Inception Block Implementation

Hello guys I try to use inception block for my task in deep learning. I find the pytorch implementation in here which implement paper from here . However I found strange in the InceptionA which should be using 3X3 filter not 5X5 . But I am not sure maybe I wrong. The detail can be seen In my image, I have pointed the problem described in the image that I upload. So should I cange to 3X3 or 5X5?
-Thank you-

What you are seeing is what is implemented in Figure 4 of the same paper: “The original inception block”

@smth However there are multiple 3X3 Convolution. If we see figure 4 and use 5X5 the 3X3 convolution should be 1 times. However in implementation is using multiple 3X3 convolution, so I just think that 5X5 should bechange into 3X3.

I just think the code should be like here.
self.branch5x5_2 = BasicConv2d(48, 64, kernel_size=5, padding=2)
change with this
self.branch5x5_2 = BasicConv2d(48, 64, kernel_size=3, padding=1)

Am I right?, sorry I just learn about this and not have so much knowledge about it.

@smth However there are multiple 3X3 Convolution. If we see figure 4 and use 5X5 the 3X3 convolution should be 1 times. However in implementation is using multiple 3X3 convolution, so I just think that 5X5 should bechange into 3X3.

I just think the code should be like here.
self.branch5x5_2 = BasicConv2d(48, 64, kernel_size=5, padding=2)
change with this
self.branch5x5_2 = BasicConv2d(48, 64, kernel_size=3, padding=1)

Am I right?, sorry I just learn about this and not have so much knowledge about it.

I’m still unsure why the inception module takes some parts from Figure 4 and some from Figure 5 in the paper. From the code it looks like the InceptionA module has a 5x5 branch as per Figure 4 (inception v1 / googlenet) but the 3x3 branch is as per Figure 5.
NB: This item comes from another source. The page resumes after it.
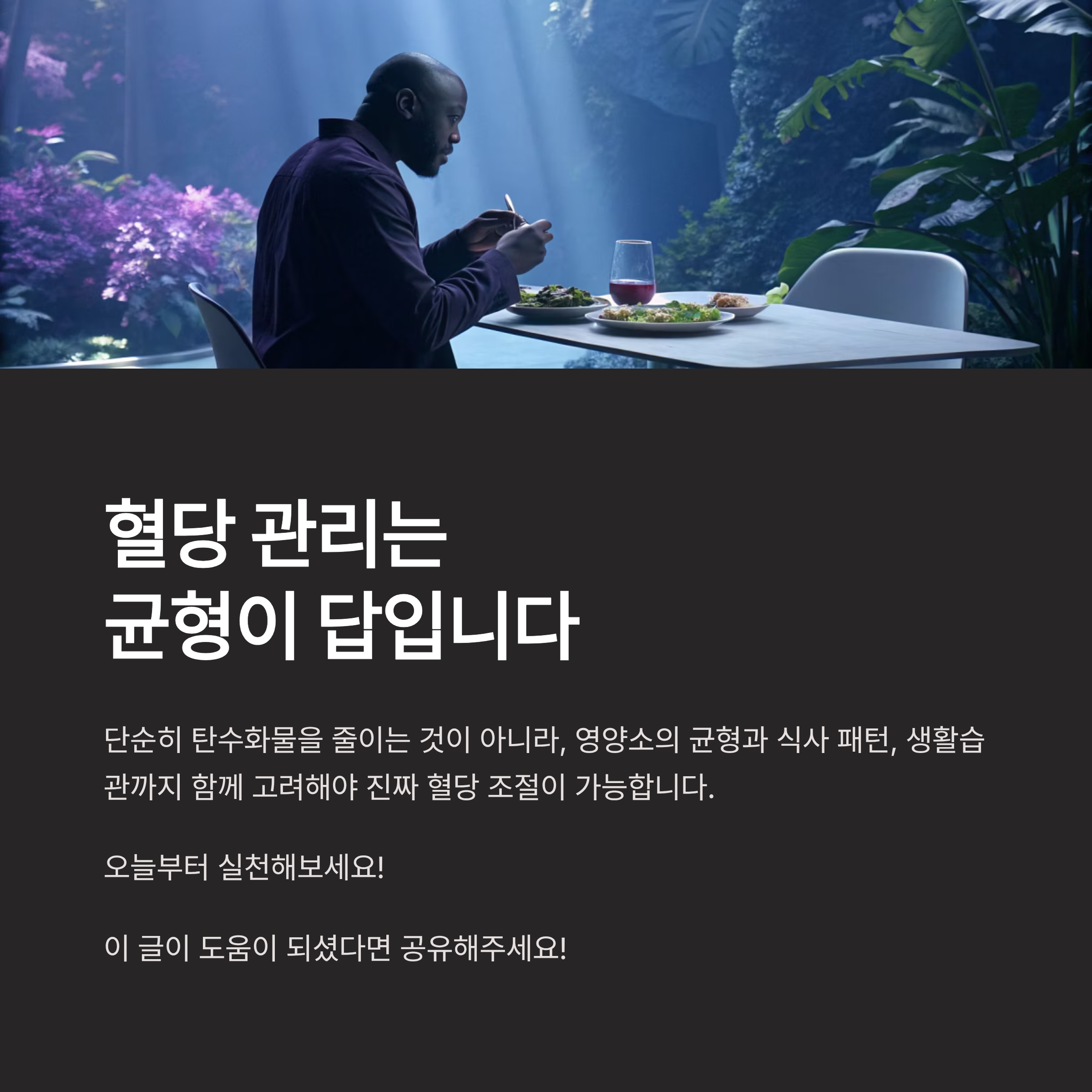 식단만이 전부가 아니라는 이야기죠. 건강한 생활습관이 함께 병행되어야 진짜 조절이 가능합니다.

I also found some other discrepancies like the fact that inception_v3 architecture as per Table 1 in the paper uses a conv with 3x3 / stride=1 / input = 73x73x64 right after 1st pool. However in the code, Conv2d_3b_1x1 after 1st pool uses 1x1 not 3x3.

Could someone please explain the idea behind these choices? I’m assuming this inception_v3 has to match with Google’s implementation since the pretrained weights were directly converted from Google. In that case how do we explain the differences between Google’s implementation and the arch reported on their paper?

cc: @smth

the arch reported in the paper is slightly off from the weights they released. we followed the released weights.

That makes sense. Thanks @smth!